Belgian rhythmic gymnast

Alessia Verstappen (born June 20 2006) is a retired Belgian individual rhythmic gymnast. On national level, she is a three-time (2022–2024) senior all-around champion.

== Personal life ==
Verstappen took up the sport at age 5 after her parents noticed she was a problem eater as a toddler and decided to make her do sport to encourage her appetite and health. At first they opted for ballet, as Verstappen's great-grandmother was a ballet dancer, but then she saw rhythmic gymnastics at the Olympics and fell in love. She trained 7 to 8 hours a day and her dream was to compete at the 2024 Olympic Games in Paris. She speaks Dutch and Russian.

== Career ==
===Junior===
Alessia debuted internationally in 2019 at the 1st Junior World Championships in Moscow along with her teammate Alexandra Safronova. She performed only with rope, where she scored 12.100 for 41st place.

===Senior===
In May 2022, her first senior year, she became Belgian champion ahead of Carina Iacos and Oona De Decker. A month later, she competed in the European Championships in Tel Aviv, where she was 54th in the all-around, 55th with hoop, 63rd with ball, 44th with clubs and 54th with ribbon. In September, she was selected as the sole representative for Belgium for the World Championships in Sofia. She ended 58th in the all-around, 52nd with hoop, 65th with ball, 53rd with clubs and 62nd with ribbon.

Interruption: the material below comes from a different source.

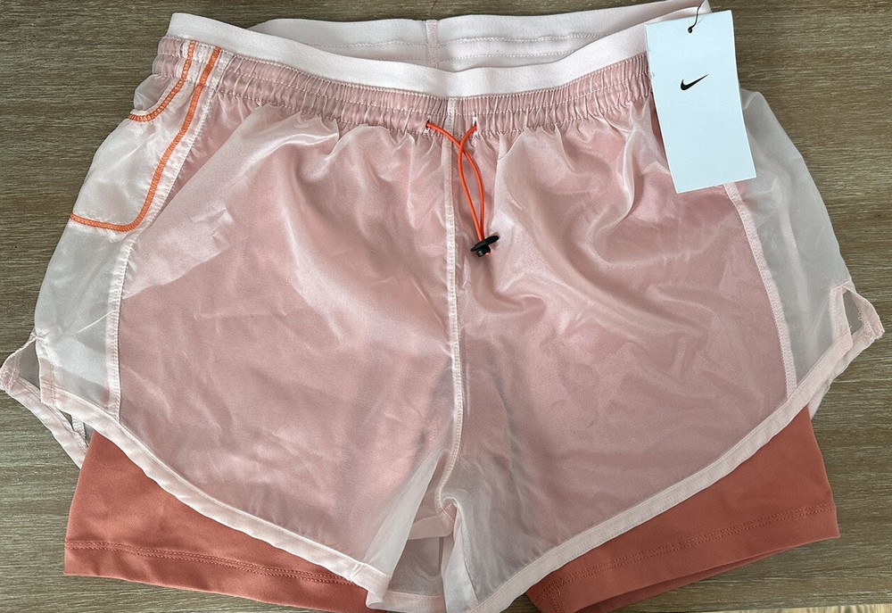 NWT Nike 2 layer running shorts with back pocket . Beautiful peachy color. Nike Icon Clash Temp Luxe 2in1 Midrise Running Shorts orange in size Extra Small. Original price is $50 Empower yourself with a 2-in-1 twist on a staple. The Nike Icon Clash Tempo Luxe Shorts keep it smooth and light with 2 layers for total support through your run. Plus, we added the original "Solo Swoosh" in homage to those iconic athletes and teams of the '90s. This product is made with at least 50% recycled polyester fibers. Color: Rush Orange

In 2024, she represented Belgium at the 2024 European Championships in Budapest, Hungary and took 52nd place in the all-around.

She started the 2025 season at Miss Valentine Grand Prix in Tartu, Estonia, where she ended in 20th place in the all-around. On April 18–20, she competed at the Baku World Cup and finished 57th in the all-around.

She announced her retirement on June 13 via her Instagram profile due to having had multiple injuries in 2025.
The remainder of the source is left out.